Now, the big issue here is whether a telco (or any other party) can download a program to sniff out your keys. For this reason, the favoured platform is a PDA, with one and only one program on it, and no comms 'cept those we said. Anything else is a compromise, but that's ok, for those markets that can deal with the risks.

These can be considered to be an addendum to last week's wireless threats, but alas, still no MITMs recorded.

The Rise and Absorption of Paypal - a lesson for offshore

Over on Cato, there is an article bemoaning the fate of Paypal:

The company would no longer permit customers to use the service for purchases associated with "mature audiences," gambling, hate paraphernalia, or prescription drugs, along with a long list of other prohibitions. It would also fine its customers up to $500 for attempting such transactions. Those terms apparently applied to donations to blogs with content PayPal found objectionable.

That's a far cry from the libertarian vision founders Peter Thiel and Max Levchin originally had for PayPal, an online payment service that enables account holders to send money to anyone in the world with an e-mail address. Thiel and Levchin had hoped PayPal would grow to become an extra-governmental system of currency, something reminiscent of the world described in Neal Stephenson's novel Cryptonomicon, in which programmers use encryption to create an offshore data haven free from government control.

What follows in that article is mostly a review of The Paypal Wars, by Eric M. Jackson. I've not read it, but can offer my opinions: Paypal should have failed a dozen times over, and the book seems to agree. The fact that they survived is good testament to their persistence; hundreds if not thousands of their competitors failed in these and similar ways.

The book also reads as testimony to the offshore theory of early digital money pundits. Back in the mid 90s when we were building these things, the wiser voices amongst us realised that we should go offshore, not for any conceivable tax benefits, but for the simplicity of regulation and the cost savings in reduction in 'enemies' to use the Paypal meme.

Offshore is like that - it has a higher startup cost in capital because everything is more expensive there. But if you are to succeed, then it quickly becomes more effective, simply because there are far fewer external problems to deal with. It makes a difference when the jurisidiction is small: not only are the regulators somewhat limited in pandering to whoever has their ear, but you can also meet the entire team around a small coffee table.

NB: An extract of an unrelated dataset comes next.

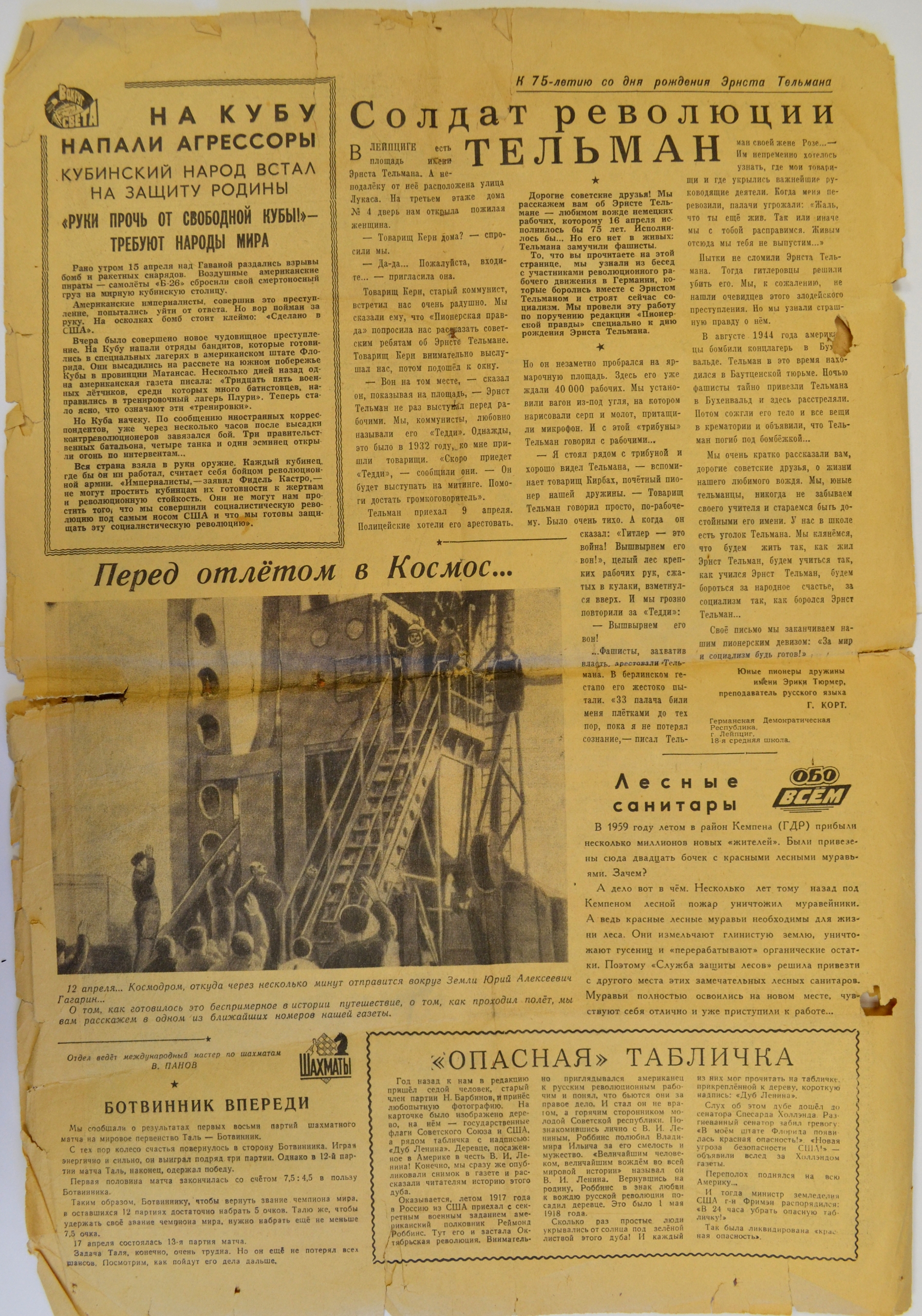 📔 Представляем уникальный экземпляр газеты «Пионерская правда» №31 (4470). Вторник, 18 апреля 1961 г. Редактор газеты Т. В. Матвеева (возглавляла редакцию 13.01.1953—21.04.1961).

So what about the payment systems that did go offshore? Primarily this would be the gold units (or, these are the ones I know well). e-gold, the leader in transactional volume, branched offshore in late 2000, splitting into e-gold Ltd as the issuance company in the Caribbean and G&SR as the trading company in mainland USA. In practical effect, e-gold then contracted all operations back to G&SR so the physical move was not of great import, but the jurisdictional move was quite significant.

It worked out quite well, notwithstanding the frequent criticism. Considering always that the market of choice was mostly the US and the major market maker was a monopoly provider there, this move created just enough of a jurisdictional separation to establish a suitable distance between the 'enemies' and the operators; there always remains a possibility that if an enemy pushes too hard then the stuff will really move offshore.

In a similar timeframe, goldmoney started up and is now the leader by value under management. It had a more fullsome offshore arrangement, including a more or less complete range of 5PM governance partners. An early decision to place itself in the heavy jurisdiction of Jersey put goldmoney under the beady eye of the regulators there, which I would count as a mistake. For this benefit of brand name offshore finance center, it had to adopt a very stringent due diligence regime that slowed spread down dramatically. As the DD was regrettably far more severe than a mainland USA bank or that of any other operator, this placed its survival in doubt in the critical years 2-4.

However, goldmoney may have overcame this deadweight drag by coupling up with Kitco, and now something like 80% of sales go through that US coins and bullion seller. Does the DD still slow them down? Yes, and in spades, but it would seem that the Kitco channel is so strong that it has overcome these difficulties.

What then to conclude for new operators? Doing the partial offshore thing seems like a good compromise. It's not a completely safe choice, as even e-gold faced many life threatening challenges (and, finding good offshore advice is like asking Don Juan to chaperone your daughters). But if you can appreciate the statistics of the Paypal story then it still makes sense to consider.

And, as a side note, the Financial Cryptography conference returns to Anguilla, our spiritual home for the 10th edition in 2006. Back in 1997 it seemed that Anguilla had a chance of being somewhere special, but two things killed the excitement that the conference generated: lack of any real net (Cable and Wireless had/has a death grip on Anguilla, say no more ...) and the dramatic difficulties in importing financial cryptographers past the normal anti-immigration policies (common around the world) meant that no serious operation could take root. (Addendum: Pelle also comments in general.)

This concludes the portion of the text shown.